# St. Mary's Letter



## Fiendlover (May 15, 2008)

this is something that i found a long time ago and i just recently dug it up.  i don't know if this is real or not but i thought it might be of interest here.

"This is a newsletter that St. Mary's church in Colorado Springs sent out this week:

If Your Child is a Gothic, Reform Through the Lord!

Listed below are some warning signs to indicate if your child may have gone astray from the Lord. Gothic (or goth) is a very obscure and often dangerous culture that young teenagers are prone to participating in.
The gothic culture leads young, susceptible minds into an imagined world of evil, darkness, and violence. Please seek immediate attention through counselling, prayer, and parental guidance to rid your child of Satan's temptations if five or more of the following are applicable to your child:

-Frequently wears black clothing.
-Wears band and/or rock t-shirts.
-Wears excessive black eye makeup, lipstick or nailpolish.
-Wears any odd, silver jewelry or symbols. Some of these include: reversed crosses, pentagrams, pentacles, ankhs or various other Satanic worshipping symbols.
-Shows an interest in piercings or tattoos.
-Listens to gothic or any other anti-social genres of music. (Marilyn Manson claims to be the anti-Christ, and publicly speaks against the Lord. Please discard any such albums IMMEDIATELY.)
-Associates with other people that dress, act or speak eccentrically.
-Shows a declining interest in wholesome activities, such as: the Bible, prayer, church or sports.
-Shows an increasing interest in death, vampires, magic, the occult, witchcraft or anything else that involves Satan.
-Takes drugs.
-Drinks alcohol.
-Is suicidal and/or depressed.
-Cuts, burns or partakes in any other method of self-mutilation. (This is a Satanic ritual that uses pain to detract from the light of God and His love. Please seek immediate attention for this at your local mental health center.)
-Complains of boredom.
-Sleeps too excessively or too little.
-Is excessively awake during the night.
-Dislikes sunlight or any other form of light. (This pertains to vampires promoting the idea that His light is of no use.)
-Demands an unusual amount of privacy.
-Spends large amounts of time alone.
-Requests time alone and quietness. (This is so that your child may speak to evil sprits through meditation.)
-Insists on spending time with friends while unaccompanied by an adult.
-Disregards authority figures; teachers, priests, nuns and elders are but a few examples of this.
-Misbehaves at school.
-Misbehaves at home.
-Eats goth-related foods.

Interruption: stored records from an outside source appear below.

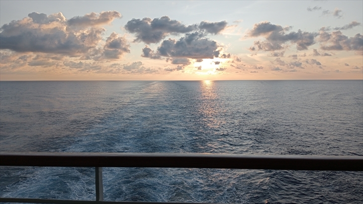 2025年5月3日(土)11日目の朝のお天気は晴れ、南シナ海を南下中です。昨晩のカラオケにパワー注入し朝起きるのが少しつらく、6時ころからの行動開始となりました。まだ日本との時差は1時間です。
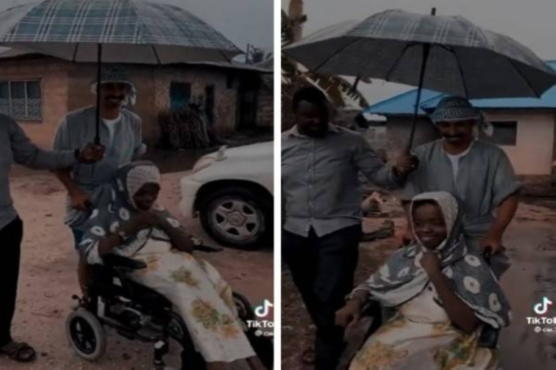 ظهر في الفيديو، فرحة الفتاة بخروجها لأول مرة منذ 20 عاماً، حيث كانت تجلس على كرسي متحرك.
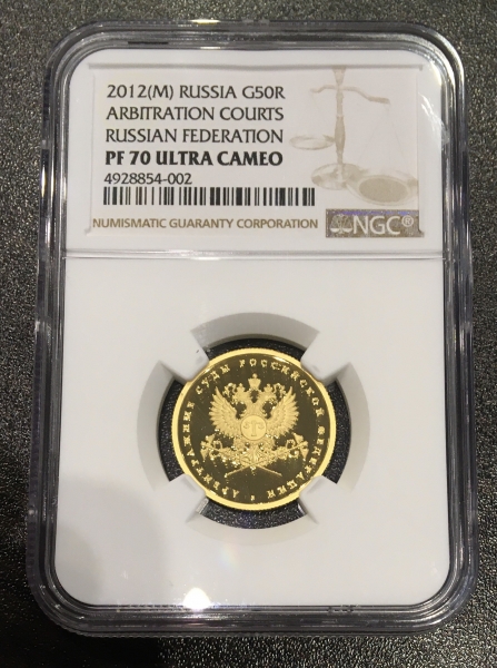 в центре диска на зеркальном поле - эмблема Высшего арбитражного суда Российской Федерации, вдоль канта - круговая надпись: "АРБИТРАЖНЫЕ СУДЫ РОССИЙСКОЙ ФЕДЕРАЦИИ".
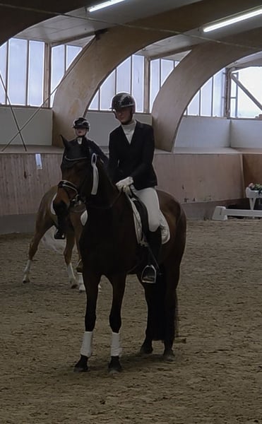 Zum Verkauf steht unsere talentierte Nachwuchsstute Fee, die mit Qualität, Rittigkeit und Leistungsbereitschaft überzeugt. Fee ist bei uns geboren und wurde von Anfang an mit viel Sorgfalt aufgebaut. Vierjährig wurde sie schonend angeritten und seitdem kontinuierlich und professionell weiter ausgebildet. Bereits in dieser Turniersaison konnte sie sich in ihrer erst zweiten Prüfung direkt den 3. Platz in einer A-Dressur mit der Wertnote 7,5 sichern – und das gegen erfahrene, ältere Konkurrenz. Fee überzeugt nicht nur durch ihre Leistungsbereitschaft, sondern vor allem durch ihren hervorragenden Charakter und ihre drei überdurchschnittlich guten Grundgangarten. Durch ihre Rittigkeit und ihr angenehmes Wesen ist sie sowohl für junge Reiter/innen, Umsteiger als auch Amateure bestens geeignet. Sie ist ein Pferd, mit dem man sofort losreiten und auf dem Turnier glänzen kann. Im Training sind bereits Lektionen der Klasse L sicher abrufbar. Ein Video und weitere Informationen finden Sie auf unserer Internetseite www.dressurpferde-le-ni.de.
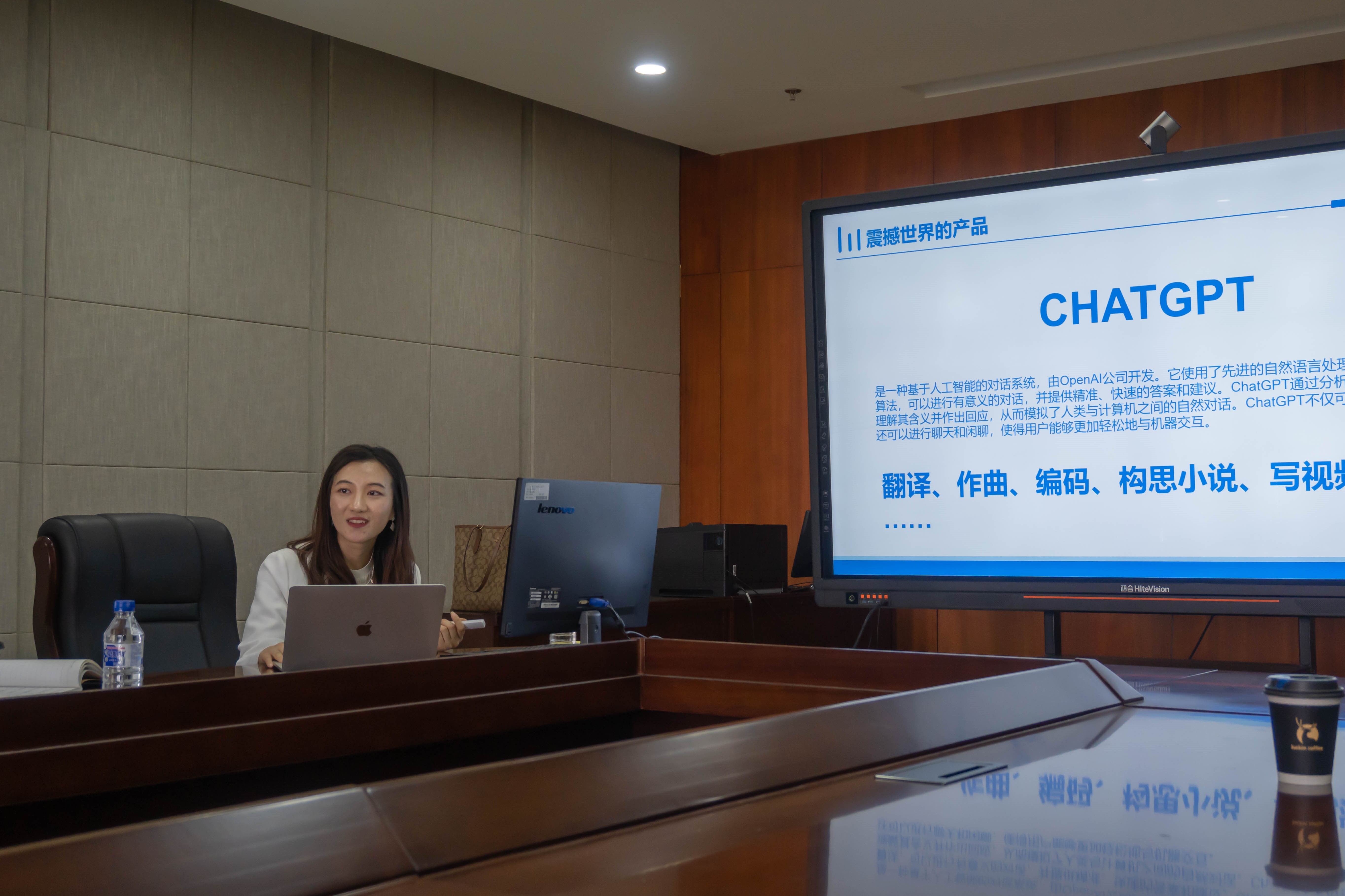 除此之外,国贺老师还对人工智能ChatGPT进行了分享与介绍。在未来,全球生产力得到指数级提升,物质极大丰富,人类精神文明将面临新一轮挑战。而面对这个问题,ChatGPT给出的答案是人类的创造力、想象力、感受力、情感和内在价值永远不会被AI所取代。

Count Dracula cereal is an example of this.
-Drinks blood or expresses an interest in drinking blood. (Vampires believe this is how to attain Satan. This act is very
dangerous and should be stopped immediately.)
-Watches cable television or any other corrupted media sources. (Ask your local church for proper programs that your child may watch.)
-Plays videos games that contains violence or are of a role-playing nature.
-Uses the internet excessively and frequently makes time for the computer.
-Makes Satanic symbols and/or violently shakes head to music.
-Dances to music in a provocative or sexual manner.
-Expresses an interest in sex.
-Masturbates
-Is homosexual and/or bisexual.
-Pursues dangerous cult religions. Such include: Satanism, Scientology, Philosophy, Paganism, Wicca, Hinduism and Buddhism.
-Wears pins, stickers or anything else that contains these various phrases: "I'm so gothic, I'm dead", "woe is me", "I'm a goth".
-Claims to be a goth.

If five or more of these apply to your child, please intervene immediately. The gothic culture is dangerous and Satan thrives within it. If any of these problems persist, enlist your child into your local mental health center.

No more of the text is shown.